Giorgos Myrianthous

Posted on Feb 11, 2022 • Originally published at towardsdatascience.com

How to Perform Speech-to-Text and Topic Detection with Python

#python #machinelearning #speechrecognition #programming

Introduction

In one of my recent articles, I discussed about Speech Recognition and how to implement it in Python. In today’s article we will go a step further and explore how to perform topic detection over audio and video files.
As an example let’s consider podcasts which are becoming more and more popular over time. Imagine how many podcasts are created on a daily basis; Wouldn’t be useful for recommendation engines on different platforms (such as Spotify, YouTube or Apple Podcasts) to somehow categorise all these podcasts based on the content discussed?

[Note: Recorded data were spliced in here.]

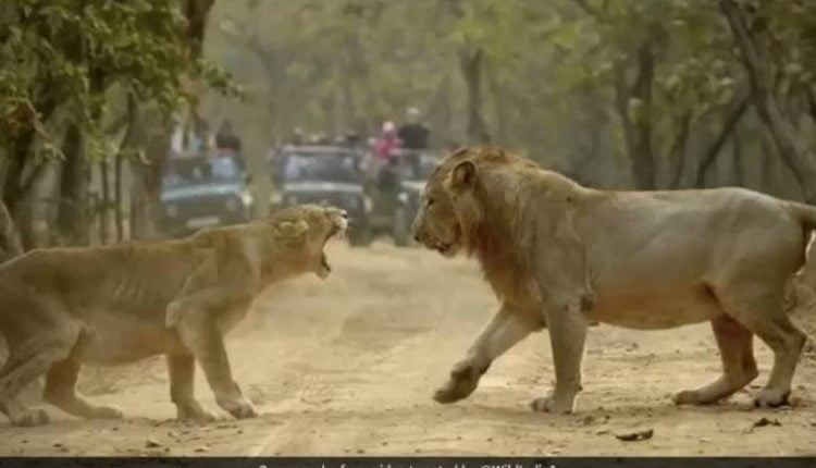 وأظهر المقطع المصور، اللبؤة تزأر في وجه الأسد وتحاول صفعه على وجهه، بينما يحاول الأسد تجنبها وعبور الطريق غير آبه بها.
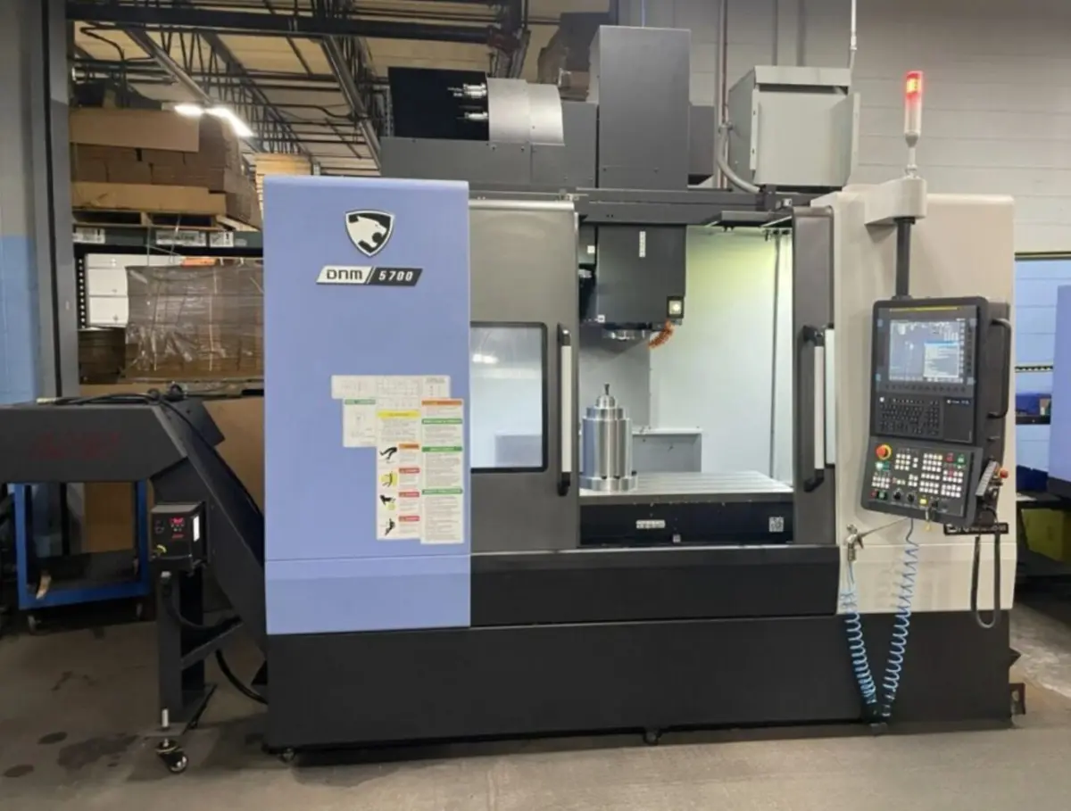 Used vertical machining center, features 4-axis, CAT 40 taper, 12,000 RPM, and a 25 hp motor. Equipped with FANUC i-Series CNC, a Samchully rotary table, Renishaw probing, coolant, and air systems.
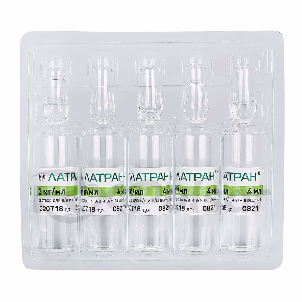 LATRAN is a pharmaceutical solution specifically formulated for both intravenous (IV) and intramuscular (IM) administration. Its precise composition remains undisclosed in this overview; however, the 2mg/ml concentration indicates a carefully calibrated dosage for effective therapeutic action. Further details regarding its active ingredients and complete formulation can be found in official product literature and medical databases.
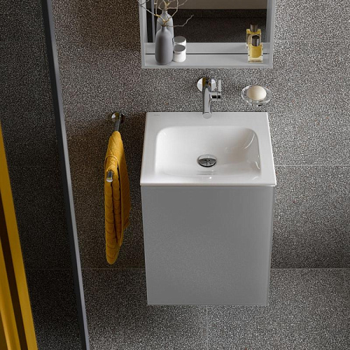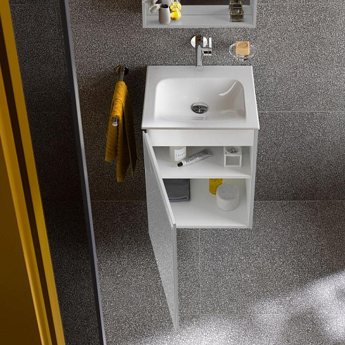 Тумба Keuco 32922290001 Plan под умывальник 46х38 см, петли слева, инокс матовый/инокс матовый
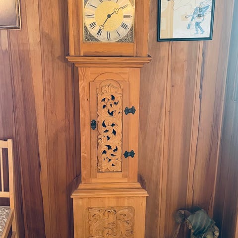 Dekorativt hvitt gulvur selges snarest. Urverket virker som det skal.
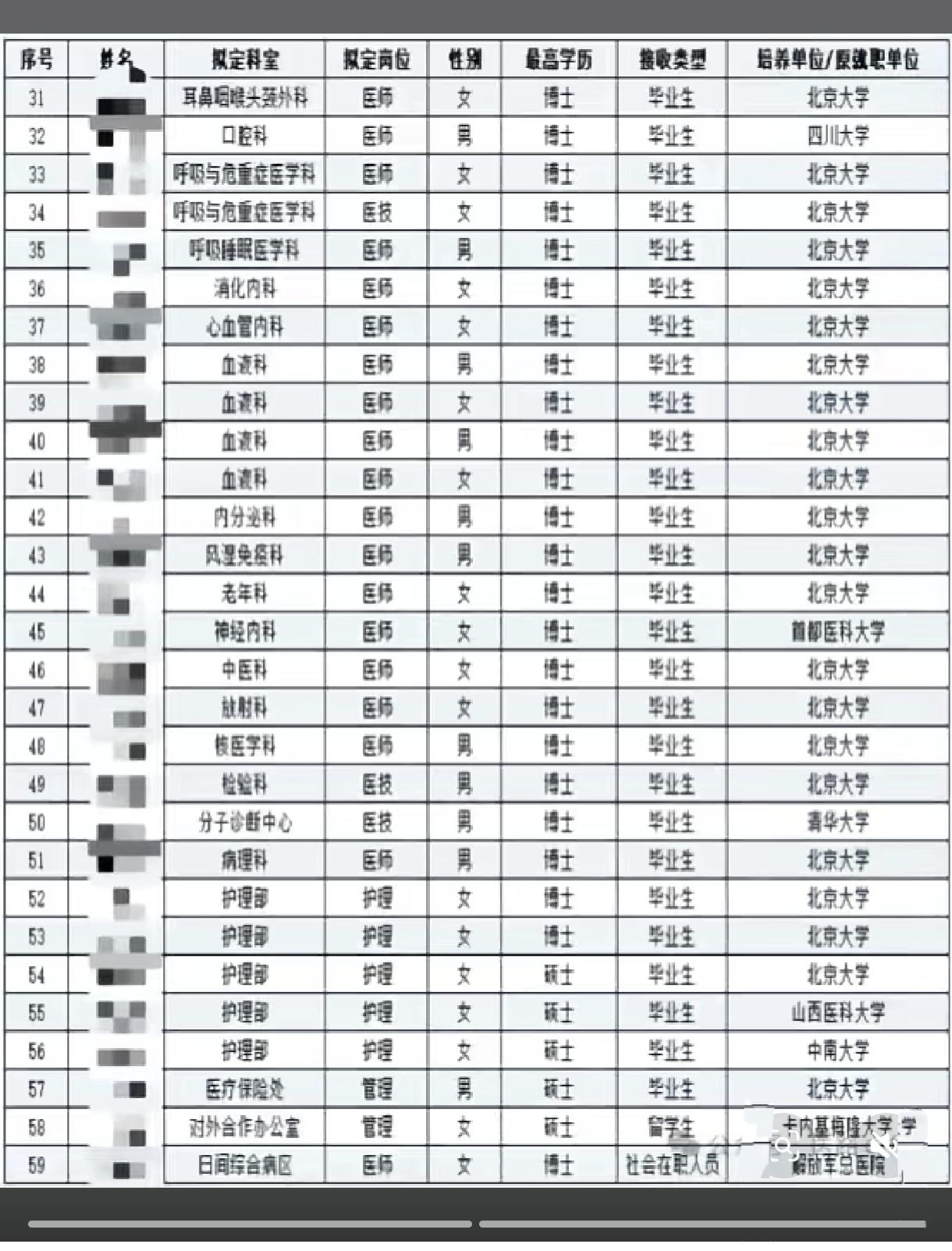 北大人民医院录取的都是什么样的人?几乎全员博士,这么高的新晋人员学历密度令人头皮

Performing Speech-to-Text and Topic Detection with Python

In this tutorial, we will be using AssemblyAI API in order to label topics that are spoken in audio and video files. Therefore, if you want to follow along you first need to obtain an AssemblyAI access token (which is absolutely free) that we will be using when calling the API.
Now that we have an access token, let’s start by preparing the headers that will be using when sending requests to the various endpoints for AssemblyAI.

import requests

API_KEY = <your AssemblyAI API key goes here>

# Create the headers for request
headers = {
    'authorization': API_KEY, 
    'content-type': 'application/json'
}

Going forward, we then need to upload our audio (or video) file to the hosting service of AssemblyAI. The endpoint is then going to return as the URL of the uploaded file that we will be using in subsequent requests.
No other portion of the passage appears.